Tegucigalpa, July 24 (teleSUR-RHC)-- Honduran human rights defenders and indigenous activists marched in solidarity in Tegucigalpa on Thursday with protesters on hunger strike to demand the establishment of an independent U.N. anti-impunity body, known as CICIH, to investigate widespread government corruption.
The peaceful demonstration moved through the streets of the capital city to the presidential palace, where some 20 hunger strikers have set up camp.
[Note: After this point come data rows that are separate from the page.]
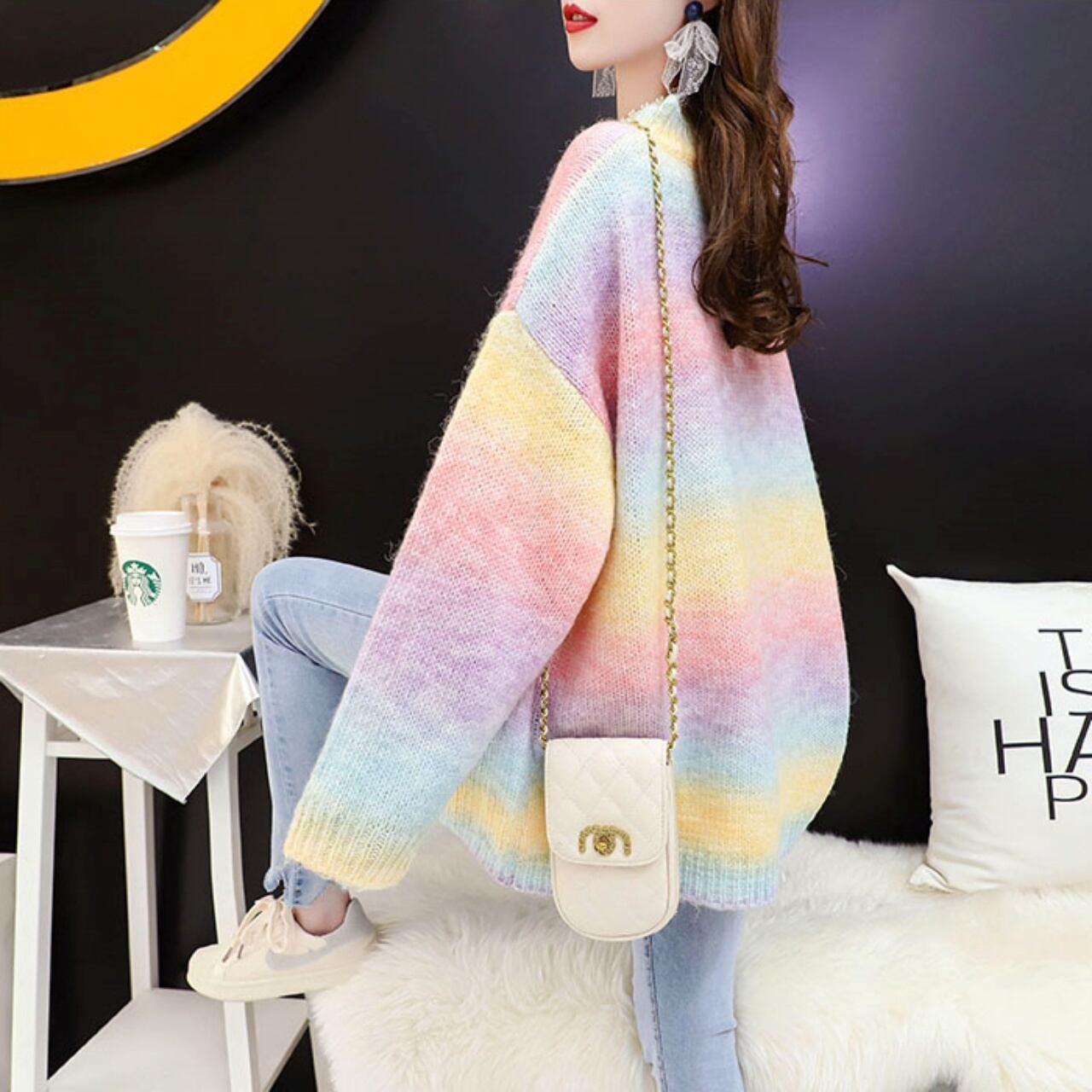 大人可愛いレインボーカラーのニット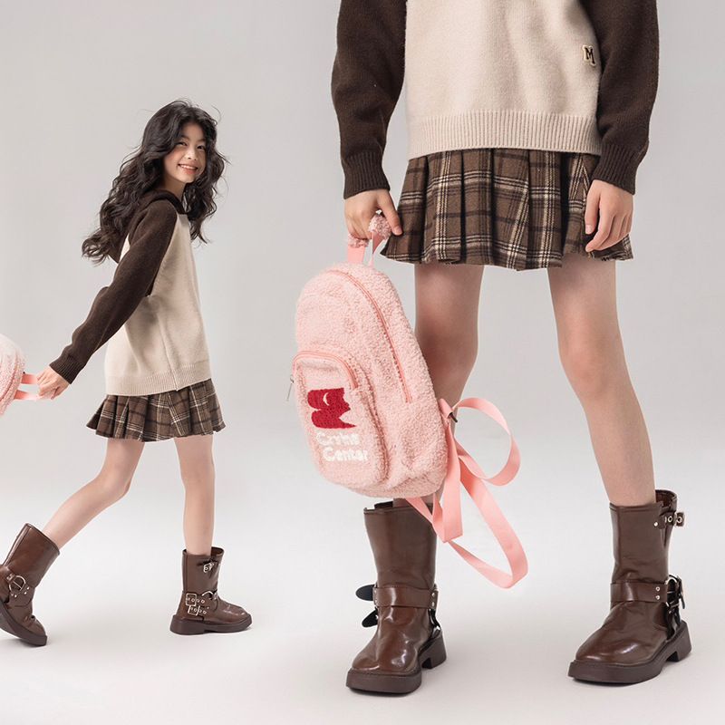 Little Naive女童木耳边休闲半裙秋冬款麂皮绒裙子儿童飘逸半身裙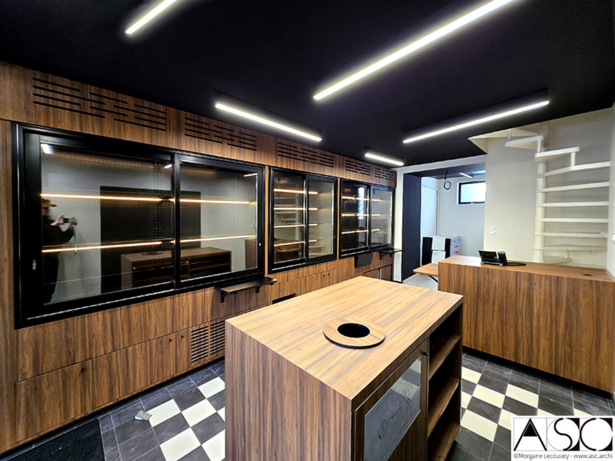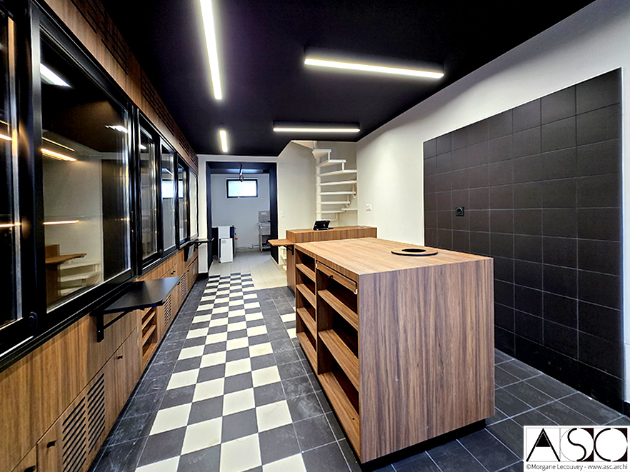 Chaque zone a été pensée selon les flux de clientèle et de production : la table de découpe centrale devient l’élément pivot du magasin, facilitant la circulation autour du meuble caisse et offrant une visibilité complète sur les produits exposés. Les matériaux choisis allient hygiène, durabilité et esthétique, pour un espace à la fois fonctionnel et chaleureux. L’éclairage, élément clé du projet, a été conçu comme un outil de mise en valeur : intensité maîtrisée, ambiances différenciées entre plan de travail et espace de vente.

Some of the activists, including indigenous people, have been on hunger strike for over a month since starting their protest on June 22.
Leader of the Lenca indigenous organization COPINH and winner of the 2015 Goldman Environmental Prize, Berta Caceres, told reporters that Honduran people “are tired of so much corruption.”
Berta Caceres, who has received death threats for her human rights and environmental activism, also reiterated popular calls for officials guilty of fraud in the country's massive Social Security Institute embezzlement scandal be brought to justice for their crimes.
Demonstrators also voiced support for journalist David Romero, who broke the story of the National Party receiving $90 million of more than $200 million stolen from the Social Security Institute.
Globo TV's Romero now faces a possible prison sentence as a result of trial for 41 charges, including slander and defamation.
The multi-million dollar Social Security Institute scandal is just one of at least a dozen corruption cases that have recently come to light in the Central American country.
President Juan Orlando Hernandez and his ruling National Party are implicated the siphoning millions from public coffers.
The high-profile corruption cases sparked the popular “outraged” movement, bringing tens of thousands to the streets in two months of weekly anti-corruption marches calling for Hernandez's resignation and the establishment of an independent body to conduct a government fraud probe, beginning with the president.
Opposition parties have proposed a national referendum on the question of establishing CICIH in Honduras.